**Input records**:
§ §
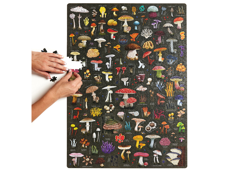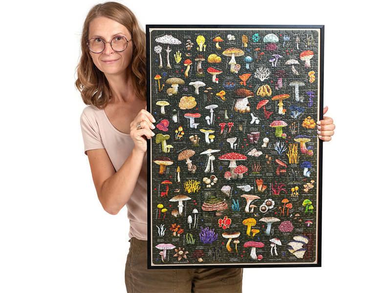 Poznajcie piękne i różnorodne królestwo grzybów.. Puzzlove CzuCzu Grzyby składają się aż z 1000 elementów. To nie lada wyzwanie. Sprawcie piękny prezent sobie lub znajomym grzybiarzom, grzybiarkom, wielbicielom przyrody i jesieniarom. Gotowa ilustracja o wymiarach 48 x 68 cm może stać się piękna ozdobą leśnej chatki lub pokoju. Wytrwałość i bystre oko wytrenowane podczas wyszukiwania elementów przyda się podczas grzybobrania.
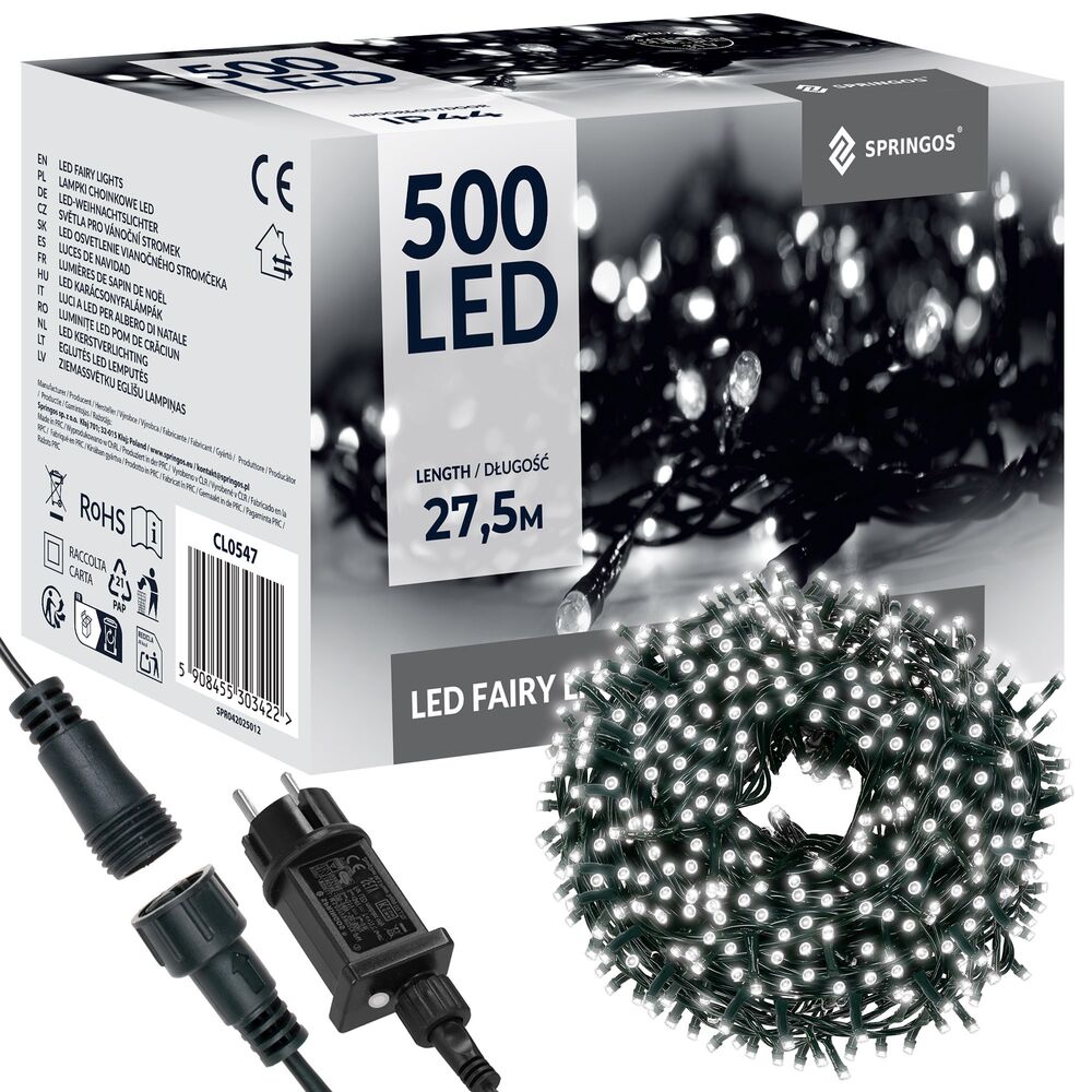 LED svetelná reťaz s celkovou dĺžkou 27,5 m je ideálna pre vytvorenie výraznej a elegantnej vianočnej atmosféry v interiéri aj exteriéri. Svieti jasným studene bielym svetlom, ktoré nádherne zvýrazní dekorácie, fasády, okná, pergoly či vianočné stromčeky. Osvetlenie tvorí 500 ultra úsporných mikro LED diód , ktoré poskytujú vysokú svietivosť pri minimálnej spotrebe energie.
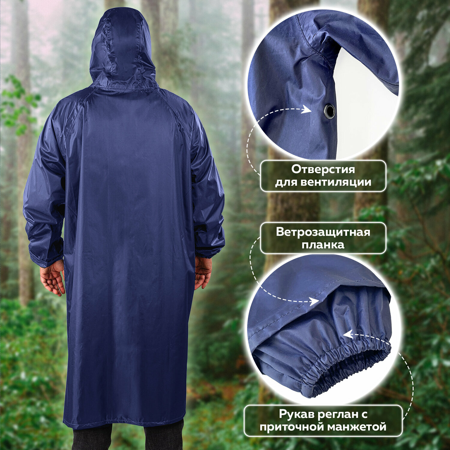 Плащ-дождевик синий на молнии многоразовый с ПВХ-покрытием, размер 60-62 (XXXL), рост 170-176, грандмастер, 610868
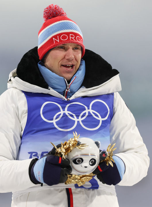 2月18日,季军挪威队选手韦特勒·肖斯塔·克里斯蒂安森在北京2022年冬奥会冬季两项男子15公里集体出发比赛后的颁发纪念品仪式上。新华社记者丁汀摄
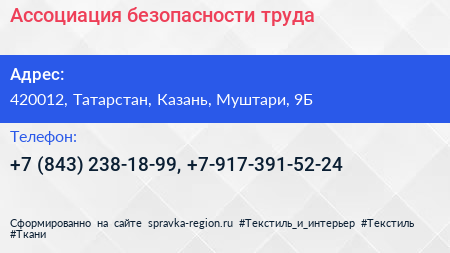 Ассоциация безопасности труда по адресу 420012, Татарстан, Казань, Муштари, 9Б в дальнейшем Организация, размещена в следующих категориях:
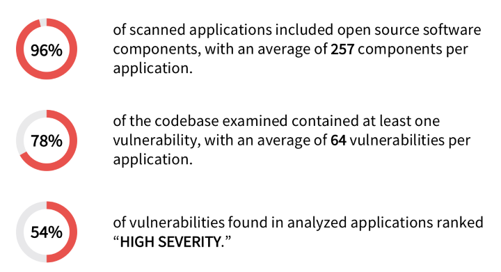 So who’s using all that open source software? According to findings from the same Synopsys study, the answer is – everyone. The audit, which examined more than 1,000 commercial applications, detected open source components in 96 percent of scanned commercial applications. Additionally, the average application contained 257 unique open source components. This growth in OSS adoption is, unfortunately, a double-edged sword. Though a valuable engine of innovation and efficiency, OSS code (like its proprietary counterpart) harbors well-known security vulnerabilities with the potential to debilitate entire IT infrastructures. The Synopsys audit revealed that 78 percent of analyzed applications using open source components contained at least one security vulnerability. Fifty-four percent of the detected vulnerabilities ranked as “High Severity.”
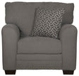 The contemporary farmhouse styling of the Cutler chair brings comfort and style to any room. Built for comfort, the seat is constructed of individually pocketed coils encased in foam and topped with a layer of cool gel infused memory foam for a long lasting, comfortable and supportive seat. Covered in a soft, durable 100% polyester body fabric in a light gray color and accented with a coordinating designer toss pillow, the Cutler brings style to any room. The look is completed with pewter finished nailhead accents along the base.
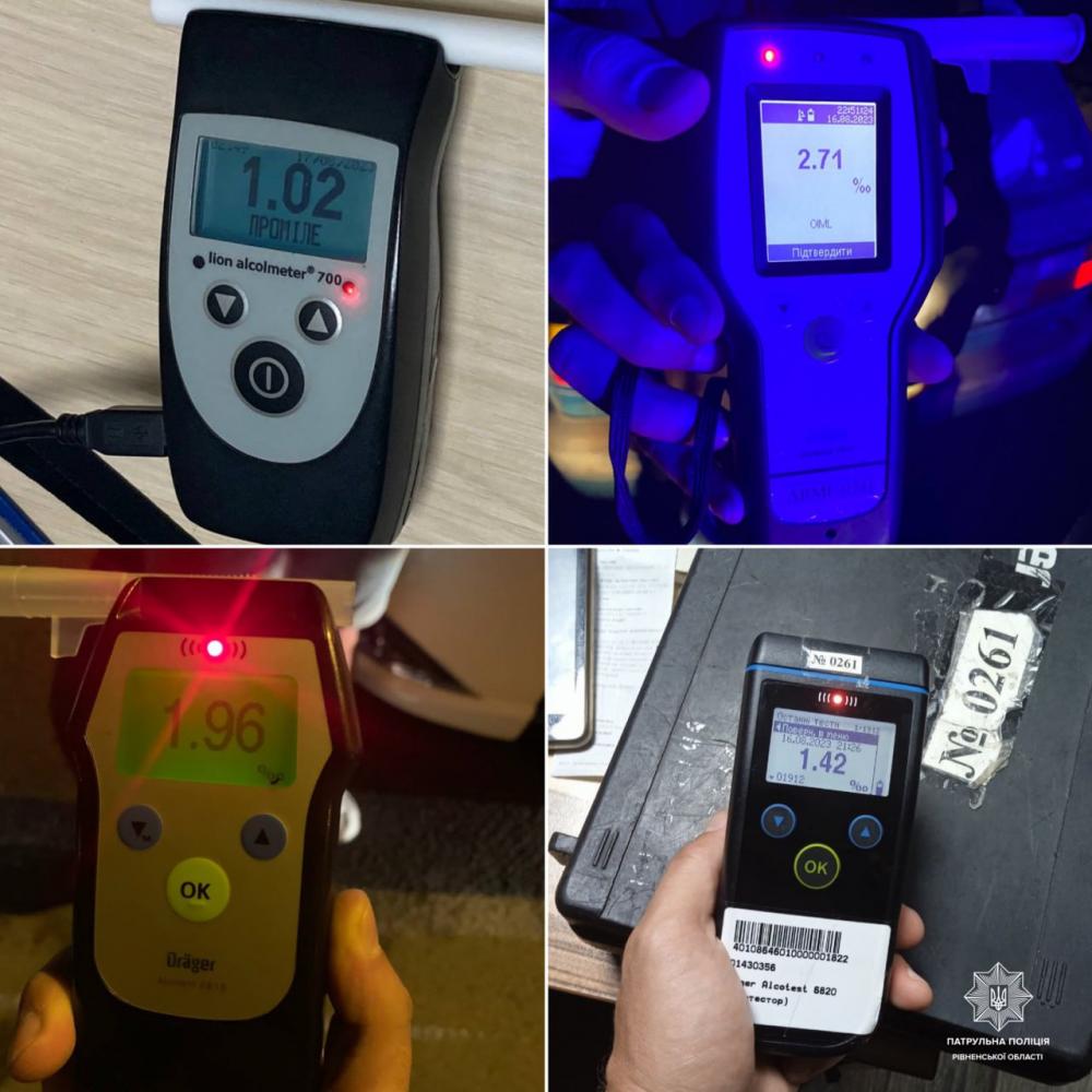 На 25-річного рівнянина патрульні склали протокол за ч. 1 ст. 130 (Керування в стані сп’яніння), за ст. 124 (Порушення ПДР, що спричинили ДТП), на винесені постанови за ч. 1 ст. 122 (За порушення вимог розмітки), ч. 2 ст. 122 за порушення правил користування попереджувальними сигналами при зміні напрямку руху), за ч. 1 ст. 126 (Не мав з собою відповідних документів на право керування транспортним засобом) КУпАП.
§ §
**Directions for this task**: The lines to set down run from the line with "Плащ-дождевик синий на" up to and including the line with "So who’s using" in the entries above. Reproduce them exactly, with no pictures.

**Answer to the exercise**:
 Плащ-дождевик синий на молнии многоразовый с ПВХ-покрытием, размер 60-62 (XXXL), рост 170-176, грандмастер, 610868
 2月18日,季军挪威队选手韦特勒·肖斯塔·克里斯蒂安森在北京2022年冬奥会冬季两项男子15公里集体出发比赛后的颁发纪念品仪式上。新华社记者丁汀摄
 Ассоциация безопасности труда по адресу 420012, Татарстан, Казань, Муштари, 9Б в дальнейшем Организация, размещена в следующих категориях:
 So who’s using all that open source software? According to findings from the same Synopsys study, the answer is – everyone. The audit, which examined more than 1,000 commercial applications, detected open source components in 96 percent of scanned commercial applications. Additionally, the average application contained 257 unique open source components. This growth in OSS adoption is, unfortunately, a double-edged sword. Though a valuable engine of innovation and efficiency, OSS code (like its proprietary counterpart) harbors well-known security vulnerabilities with the potential to debilitate entire IT infrastructures. The Synopsys audit revealed that 78 percent of analyzed applications using open source components contained at least one security vulnerability. Fifty-four percent of the detected vulnerabilities ranked as “High Severity.”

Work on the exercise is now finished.